The LMSys Chatbot Arena Leaderboards are the most comprehensive and reliable ranking to determine the relative proficiency of different LLMs. So far, OpenAI’s GPT-4 has been the leader. Claude 3’s Opus weight has taken GPT-4 down shortly after being released.
In a major setback to OpenAI’s GPT-4, Claude 3’s Opus has finally dethroned the long-time champion of AI language models. The leaderboards on the LMSys Chatbot Arena compare different chatbot outputs. It’s compiled by researchers and is a manual process. Unlike technical specs one-upmanship (larger context window, more tokens, better score on some high school exam, etc.), this is a much more dependable and accurate measure of an LLM’s true power.
As I’ve said earlier, now we’re kind of living in a transitionary phase.

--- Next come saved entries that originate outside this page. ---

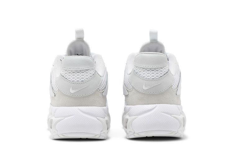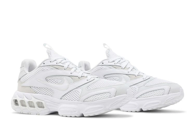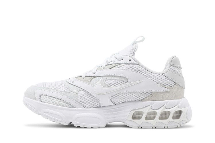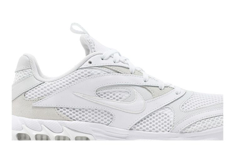 Женские кроссовки Nike Zoom Air Fire "Photon Dust" предлагают динамичные линии и многослойную конструкцию в монохроматическом исполнении. Верхняя часть выполнена из открытой белой сетки с дугообразными накладками из искусственной кожи и замши. Отличительная особенность кроссовок напоминает Air Zoom Spiridon Caged 2: скульптурная межподошва из пеноматериала с блоком Zoom Air под пяткой. Подошва оснащена резиновыми вставками для надежного сцепления с поверхностью.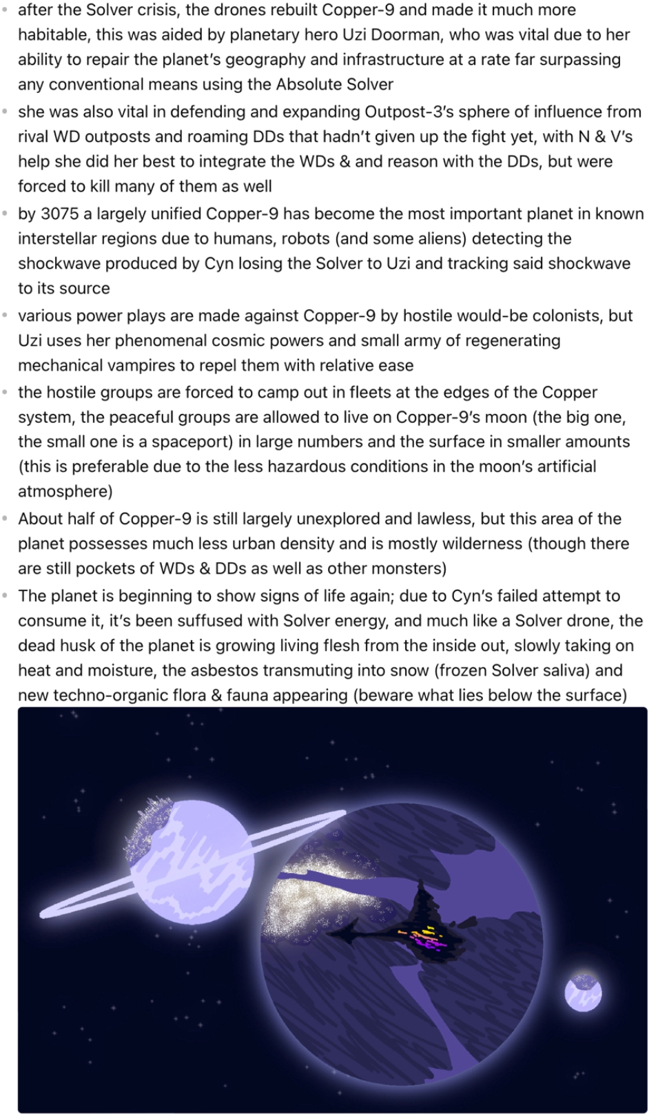 >>152131 Retarded offshoot of threadlore and MD lore knit into a consistent world and story with a wiki of sorts backing it. I got the sparse beginnings of a timeline planned out, plus some militaries, companies and some organizations but never got further than a few things due to procrastination and depression, though I still want to try messing with it in the future.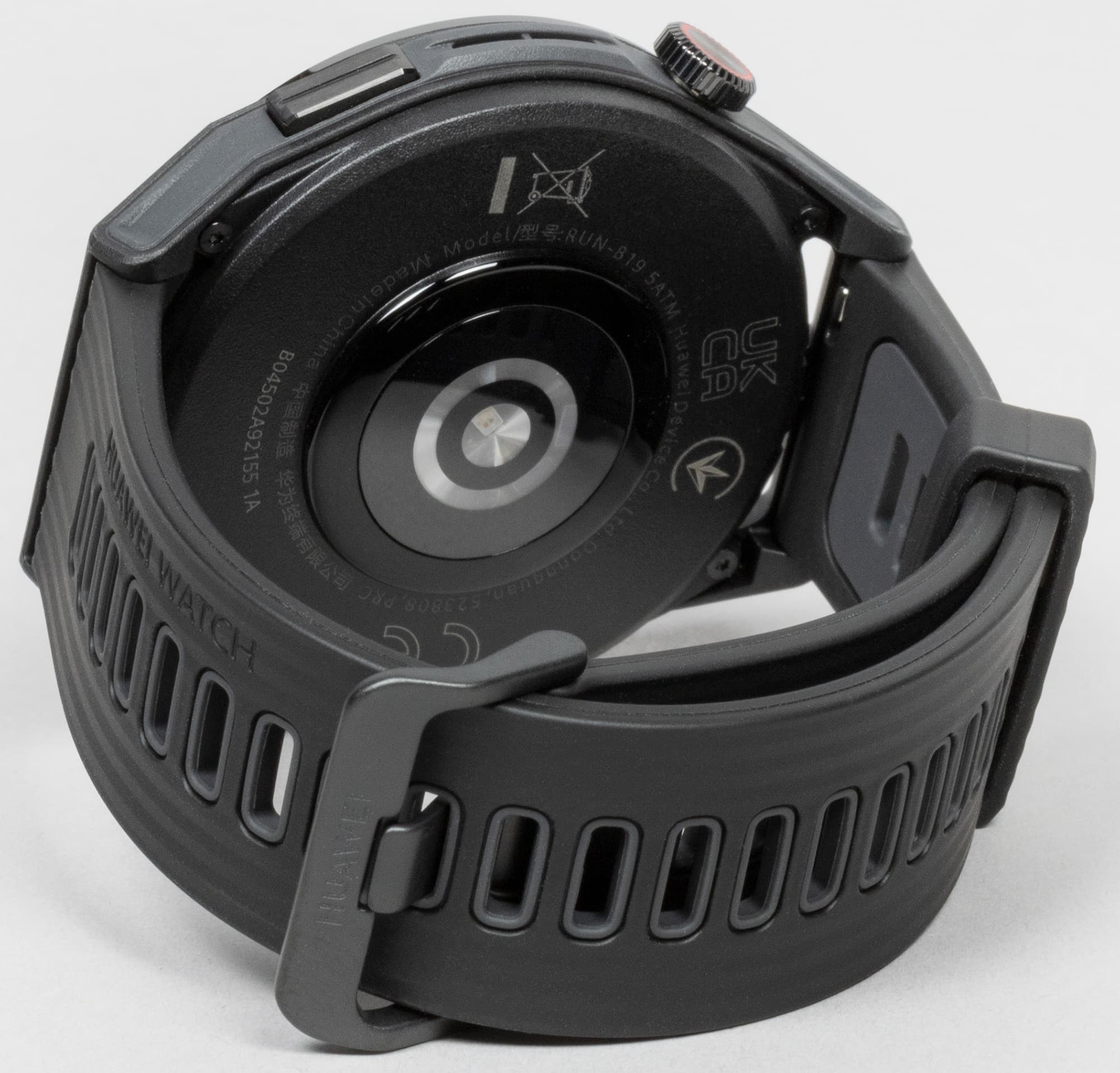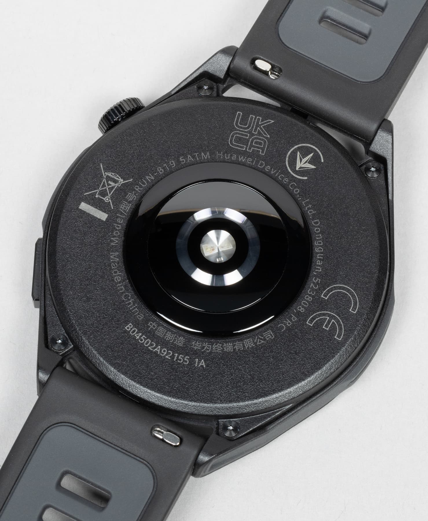 На тыльной поверхности расположены оптические датчики, и внешне это выглядит точно так же, как у Watch 3 и Watch GT 3, но функциональная разница в том, что в Runner отсутствует датчик температуры поверхности кожи. Честно говоря, мы не будем особенно горевать по этому поводу: к самой этой опции множество вопросов, и в текущей своей реализации она, на наш взгляд, бесполезна.

LLMs are going to grow incrementally better month on month. New, major updates will dethrone previous champions in different aspects before getting beaten themselves. This is a cycle that we’re going to be in for a while now.
Topping the LMSys chatbot arena leaderboards of Hugging Face is a big step. Claude has proven to be the most powerful chatbot yet. It achieved an Elo of 1255 points. GPT-4’s 1106-preview scored 1252 and the 0125-preview scored 1249. Gemini Pro ranks fourth with 1204 points. Claude 3’s Sonnet ranks #5 and Haiku ranks #7.
The leaderboard tracks a total of 76 models and is based on 500K+ votes as of March 29, 2024.